━━━━━ Supplied material

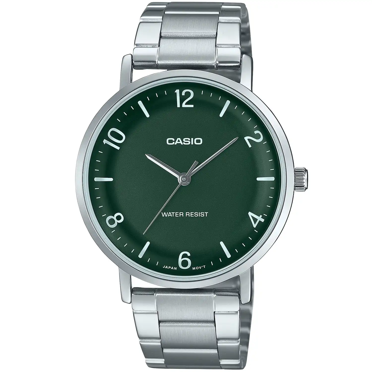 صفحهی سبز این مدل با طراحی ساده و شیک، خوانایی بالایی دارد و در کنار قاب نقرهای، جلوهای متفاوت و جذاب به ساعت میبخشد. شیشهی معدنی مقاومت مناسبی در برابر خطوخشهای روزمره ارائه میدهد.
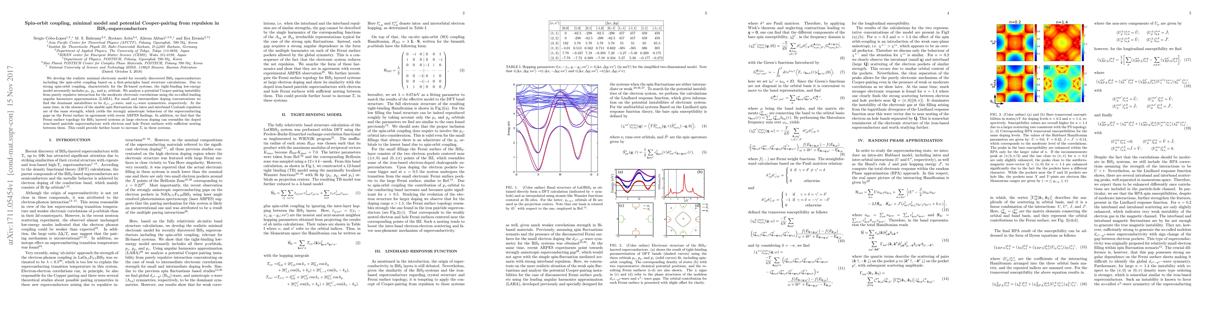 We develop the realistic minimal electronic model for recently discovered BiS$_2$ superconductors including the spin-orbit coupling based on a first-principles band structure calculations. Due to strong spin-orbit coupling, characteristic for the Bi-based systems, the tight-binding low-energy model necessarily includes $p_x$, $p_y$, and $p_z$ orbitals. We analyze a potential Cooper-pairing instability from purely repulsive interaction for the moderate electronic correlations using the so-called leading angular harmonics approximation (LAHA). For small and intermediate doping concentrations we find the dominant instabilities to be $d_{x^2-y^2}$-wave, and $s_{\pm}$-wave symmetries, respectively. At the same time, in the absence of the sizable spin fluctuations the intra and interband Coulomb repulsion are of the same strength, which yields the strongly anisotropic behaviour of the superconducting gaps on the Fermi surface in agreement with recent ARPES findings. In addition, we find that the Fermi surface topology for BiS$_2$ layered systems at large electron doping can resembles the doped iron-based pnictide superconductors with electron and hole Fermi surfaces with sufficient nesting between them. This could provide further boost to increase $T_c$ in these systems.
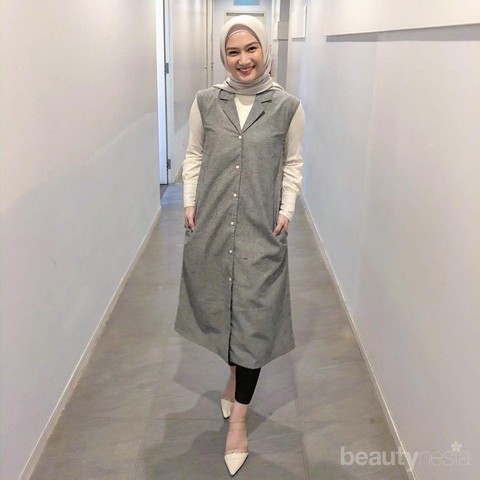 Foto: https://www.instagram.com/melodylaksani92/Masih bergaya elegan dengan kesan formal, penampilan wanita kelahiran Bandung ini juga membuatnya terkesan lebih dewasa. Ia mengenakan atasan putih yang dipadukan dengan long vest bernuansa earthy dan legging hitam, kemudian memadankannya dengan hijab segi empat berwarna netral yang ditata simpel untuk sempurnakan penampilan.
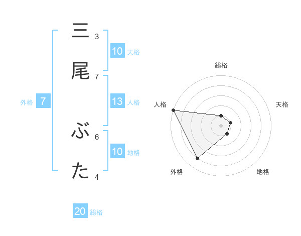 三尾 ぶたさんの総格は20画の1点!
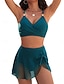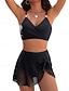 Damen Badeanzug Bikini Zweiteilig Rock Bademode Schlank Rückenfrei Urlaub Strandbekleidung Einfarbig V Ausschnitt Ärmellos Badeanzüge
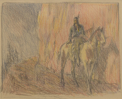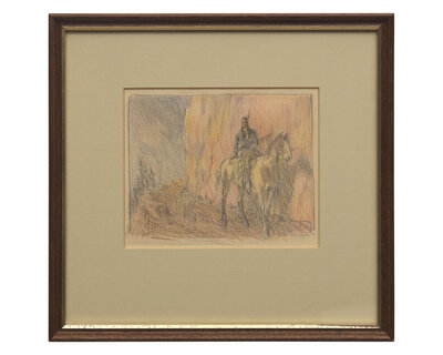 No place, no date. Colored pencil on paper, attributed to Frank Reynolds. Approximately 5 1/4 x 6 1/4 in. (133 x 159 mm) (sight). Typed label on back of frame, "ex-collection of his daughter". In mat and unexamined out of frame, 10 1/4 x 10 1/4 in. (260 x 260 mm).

━━━━━━━━━━

• Directions for this task
Quote each entry above verbatim and drop the pictures.

• Written response
 صفحهی سبز این مدل با طراحی ساده و شیک، خوانایی بالایی دارد و در کنار قاب نقرهای، جلوهای متفاوت و جذاب به ساعت میبخشد. شیشهی معدنی مقاومت مناسبی در برابر خطوخشهای روزمره ارائه میدهد.
 We develop the realistic minimal electronic model for recently discovered BiS$_2$ superconductors including the spin-orbit coupling based on a first-principles band structure calculations. Due to strong spin-orbit coupling, characteristic for the Bi-based systems, the tight-binding low-energy model necessarily includes $p_x$, $p_y$, and $p_z$ orbitals. We analyze a potential Cooper-pairing instability from purely repulsive interaction for the moderate electronic correlations using the so-called leading angular harmonics approximation (LAHA). For small and intermediate doping concentrations we find the dominant instabilities to be $d_{x^2-y^2}$-wave, and $s_{\pm}$-wave symmetries, respectively. At the same time, in the absence of the sizable spin fluctuations the intra and interband Coulomb repulsion are of the same strength, which yields the strongly anisotropic behaviour of the superconducting gaps on the Fermi surface in agreement with recent ARPES findings. In addition, we find that the Fermi surface topology for BiS$_2$ layered systems at large electron doping can resembles the doped iron-based pnictide superconductors with electron and hole Fermi surfaces with sufficient nesting between them. This could provide further boost to increase $T_c$ in these systems.
 Foto: https://www.instagram.com/melodylaksani92/Masih bergaya elegan dengan kesan formal, penampilan wanita kelahiran Bandung ini juga membuatnya terkesan lebih dewasa. Ia mengenakan atasan putih yang dipadukan dengan long vest bernuansa earthy dan legging hitam, kemudian memadankannya dengan hijab segi empat berwarna netral yang ditata simpel untuk sempurnakan penampilan.
 三尾 ぶたさんの総格は20画の1点!
 Damen Badeanzug Bikini Zweiteilig Rock Bademode Schlank Rückenfrei Urlaub Strandbekleidung Einfarbig V Ausschnitt Ärmellos Badeanzüge
 No place, no date. Colored pencil on paper, attributed to Frank Reynolds. Approximately 5 1/4 x 6 1/4 in. (133 x 159 mm) (sight). Typed label on back of frame, "ex-collection of his daughter". In mat and unexamined out of frame, 10 1/4 x 10 1/4 in. (260 x 260 mm).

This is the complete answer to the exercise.